Take myself for example, I would be the kind of guy, you would be worried
about stealing your idea, I am a developer who has done several start-ups. I
could build it, and I could get the money to grow it. The reality though is if
you told me what you where doing, I would give you honest feedback and wish
you well. The reason being, I am too involved in my own idea, and too
emotionally invested in it, to drop what I am doing to try and steal yours.
Not only that, you would be hard pressed to get me to help you beyond some
recommendations, because I am just to busy.

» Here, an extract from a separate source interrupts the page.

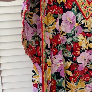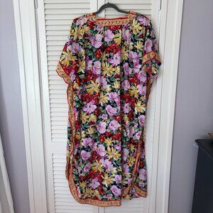 Vintage Christian Dior Saks Fifth Avenue caftan, one size. Bold floral print. V-neck. 100% cotton. Pullover style. Short sleeves, hit at or above elbows. Pink, red, yellow, and other colors. Has shoulderpads. One of the shoulderpads doesn't sit quite right (folded over) on the shoulder.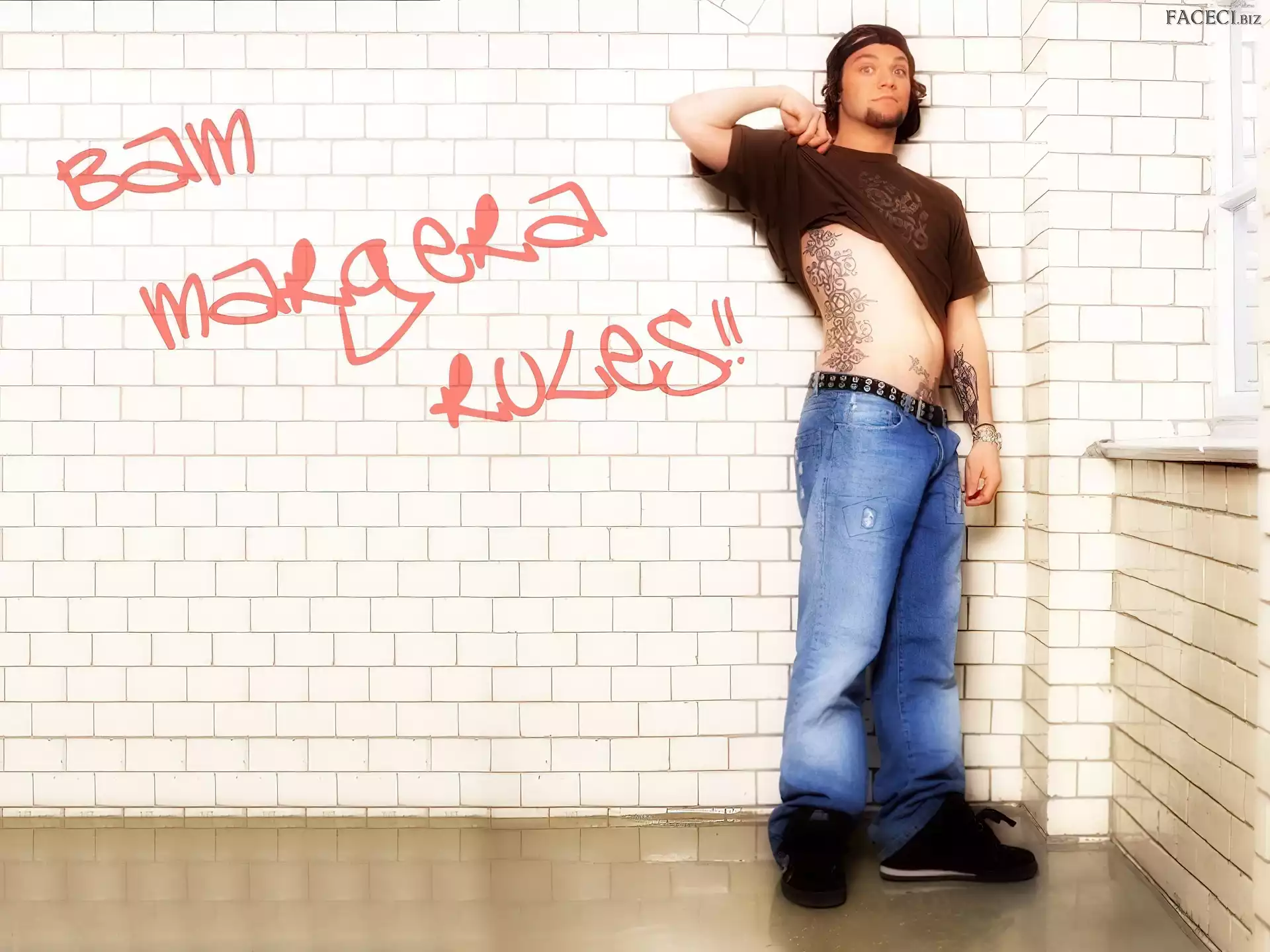 t-shirt, Bam Margera, brązowy kurtka, Bam Margera, rozpięta zegarek, Bam Margera, deskorolka włosy, Bam Margera, ciemne okulary, Bam Margera, butelka okulary, Bam Margera, twarze

It's the same pattern with investors, people that have the capability to steal
your idea are just to busy already. You have an uphill battle just convincing
them to come along for the ride with you. Think about it, if you talked to a
VC, they are not going to go advertise for developers assembly a team and
develop it, just because they think it is a great idea.

If they think it is that great, they are going to take the easier path and
just fund you. Fears of the established person (the people you should be
talking to) stealing your idea are overblown.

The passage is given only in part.